======== Data block ========
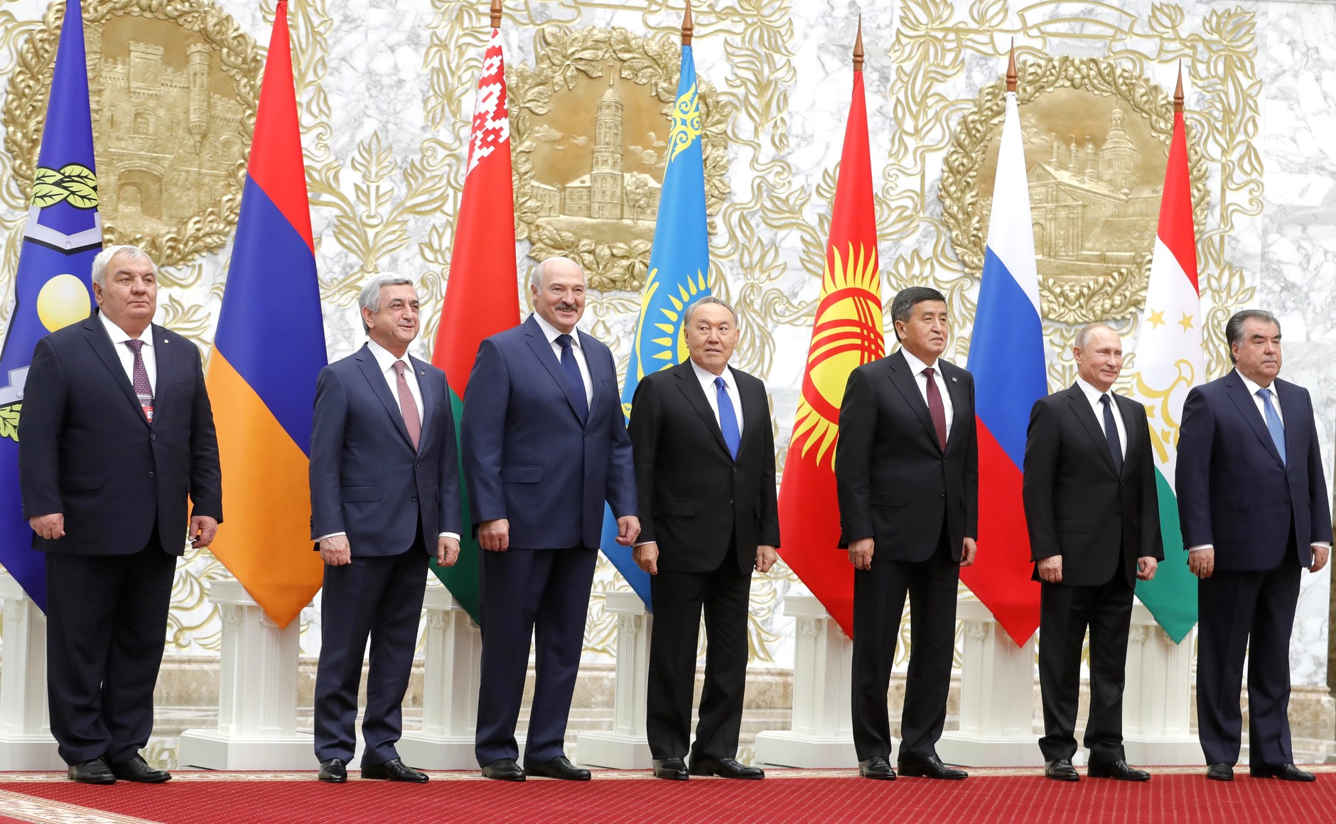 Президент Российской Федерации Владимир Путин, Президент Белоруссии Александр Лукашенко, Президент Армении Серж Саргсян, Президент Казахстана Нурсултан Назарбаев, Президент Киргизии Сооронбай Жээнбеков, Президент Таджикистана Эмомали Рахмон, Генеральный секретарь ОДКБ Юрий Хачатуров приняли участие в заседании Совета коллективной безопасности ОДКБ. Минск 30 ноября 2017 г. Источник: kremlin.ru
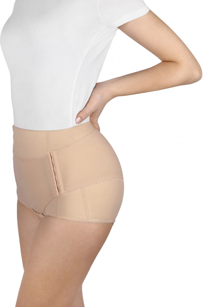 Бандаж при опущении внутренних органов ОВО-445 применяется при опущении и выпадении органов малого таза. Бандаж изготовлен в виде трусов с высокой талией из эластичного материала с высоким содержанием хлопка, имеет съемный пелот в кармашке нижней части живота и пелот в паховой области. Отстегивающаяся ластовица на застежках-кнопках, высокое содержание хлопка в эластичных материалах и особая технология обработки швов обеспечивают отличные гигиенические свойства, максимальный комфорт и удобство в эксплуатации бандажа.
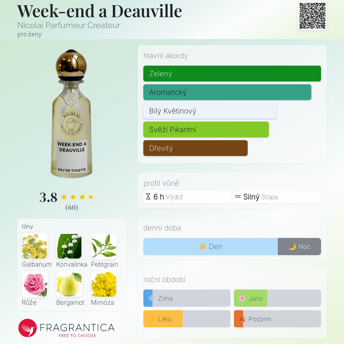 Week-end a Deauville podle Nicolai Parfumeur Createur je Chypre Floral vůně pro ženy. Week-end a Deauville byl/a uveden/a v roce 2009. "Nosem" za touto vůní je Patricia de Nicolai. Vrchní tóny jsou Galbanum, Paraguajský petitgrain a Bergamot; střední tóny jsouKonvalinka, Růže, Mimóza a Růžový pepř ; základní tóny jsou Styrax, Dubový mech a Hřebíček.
========
_Exercise_
Without including any image, reproduce the full listing above as written.

_Response_
 Президент Российской Федерации Владимир Путин, Президент Белоруссии Александр Лукашенко, Президент Армении Серж Саргсян, Президент Казахстана Нурсултан Назарбаев, Президент Киргизии Сооронбай Жээнбеков, Президент Таджикистана Эмомали Рахмон, Генеральный секретарь ОДКБ Юрий Хачатуров приняли участие в заседании Совета коллективной безопасности ОДКБ. Минск 30 ноября 2017 г. Источник: kremlin.ru
 Бандаж при опущении внутренних органов ОВО-445 применяется при опущении и выпадении органов малого таза. Бандаж изготовлен в виде трусов с высокой талией из эластичного материала с высоким содержанием хлопка, имеет съемный пелот в кармашке нижней части живота и пелот в паховой области. Отстегивающаяся ластовица на застежках-кнопках, высокое содержание хлопка в эластичных материалах и особая технология обработки швов обеспечивают отличные гигиенические свойства, максимальный комфорт и удобство в эксплуатации бандажа.
 Week-end a Deauville podle Nicolai Parfumeur Createur je Chypre Floral vůně pro ženy. Week-end a Deauville byl/a uveden/a v roce 2009. "Nosem" za touto vůní je Patricia de Nicolai. Vrchní tóny jsou Galbanum, Paraguajský petitgrain a Bergamot; střední tóny jsouKonvalinka, Růže, Mimóza a Růžový pepř ; základní tóny jsou Styrax, Dubový mech a Hřebíček.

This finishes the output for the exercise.